Aro Royston, board secretary for Missouri’s LGBTQ+ advocacy organization PROMO, said in a statement that gender-affirming care is life-saving and supported by major medical organizations.
“Not one single person who is in favor of this legislation understands how this law truly impacts the transgender community,” he said. “None of them understand the breath of relief we get to feel when we finally understand who we are and how beautiful it is to be transgender. They cannot fathom the best part of gender-affirming healthcare, which is being able to look into the mirror and see in the reflection the person you always knew yourself to be.
“Today, you have robbed us of this immense joy and our ability to thrive within this state as our authentic selves.”
Missouri isn’t the only state undergoing litigation on a gender-affirming care ban.
While arguments were underway, Bailey’s office asked the court to take note of a decision upholding Alabama’s ban on transgender treatments handed down Monday by the 11th Circuit Court of Appeals. The appeals court overturned a preliminary injunction issued by a district court blocking enforcement of the Alabama law banning puberty blocking medications and hormone treatments for children.
And 16 states, including Alabama, wrote an amicus brief asking the judge to allow the law to become effective.

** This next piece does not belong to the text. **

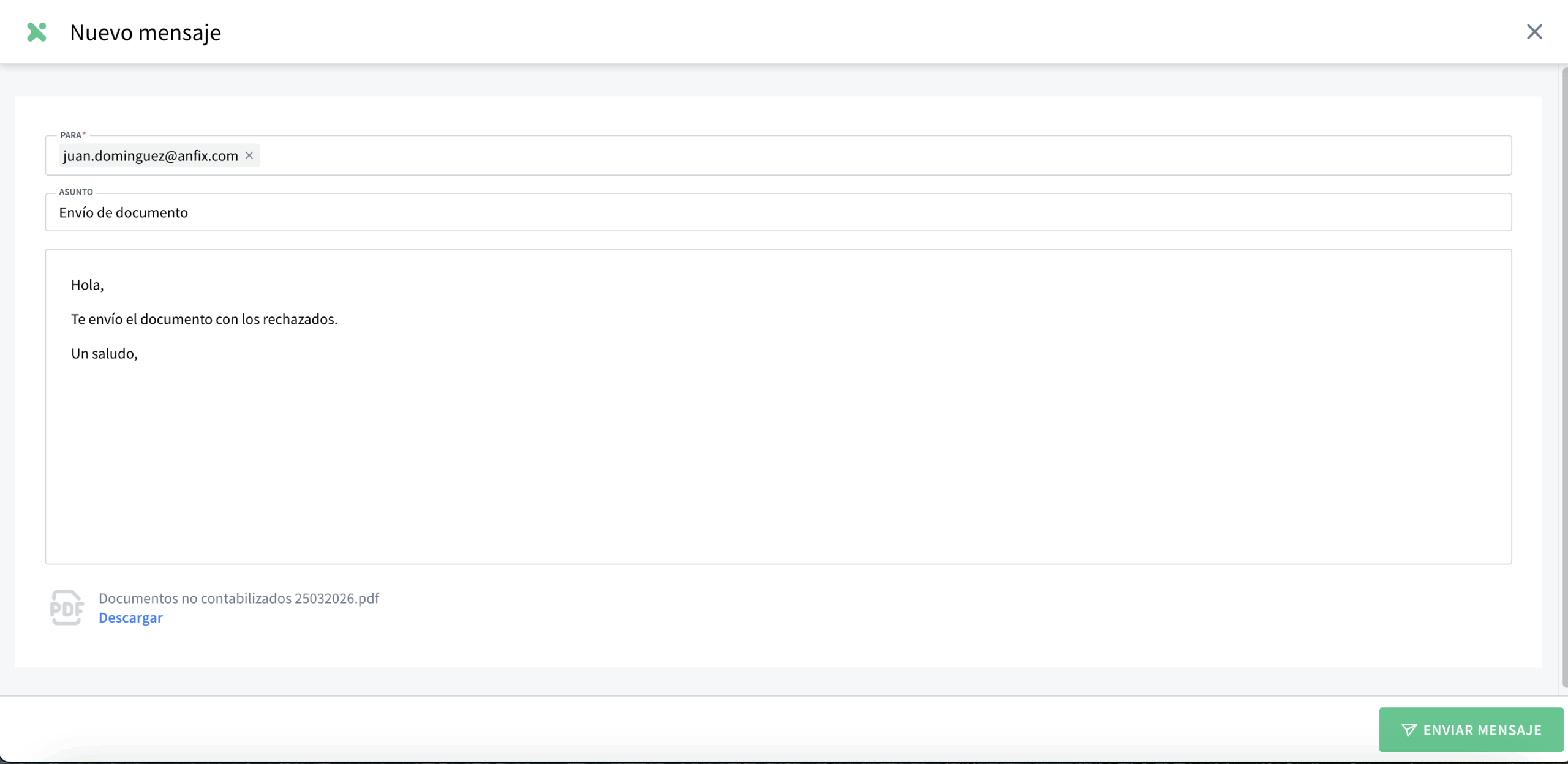 - Si rechazas el documento, la observación se incluirá en el correo que envíes al cliente desde la pestaña Rechazados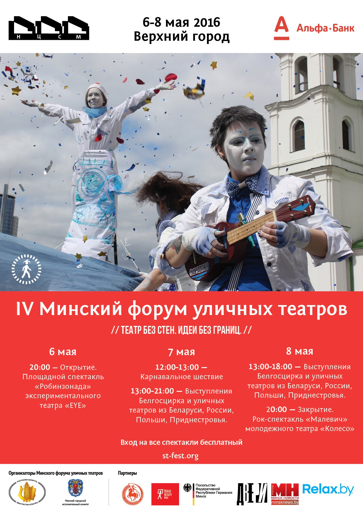 Каждый желающий сможет бесплатно посмотреть постановки, поучаствовать в карнавале и интерактивных спектаклях. Спектакли покажут уличные коллективы из Беларуси, Германии, Польши, России и Приднестровья.

“The Missouri Save Adolescents from Experimentation (SAFE) Act is a valid exercise of Missouri’s police power,” the states wrote. “Missouri, like many other States, became concerned that healthcare providers were risking the long-term health and well-being of gender dysphoric children with unproven hormonal and surgical treatments.”
Bailey took note Friday that Missouri, unlike Alabama, defeated a request to pause the law at the circuit-court level.
“Missouri is the first state in the nation to successfully defend at the trial-court level a law barring child mutilation,” he said in a statement. “I’ve said from day one as Attorney General that I will fight to ensure that Missouri is the safest state in the nation for children. This is a huge step in that direction.”
Moon said he was pleased with the ruling.
“I’m grateful for all who defended (the law), and I’m hopeful that those who are seeking help due to dissatisfaction with their identity will find the counseling they need,” he wrote to The Independent in a text message.
The parties will return to court in St. Louis September 22.
Rudi Keller of the Independent staff contributed to this report.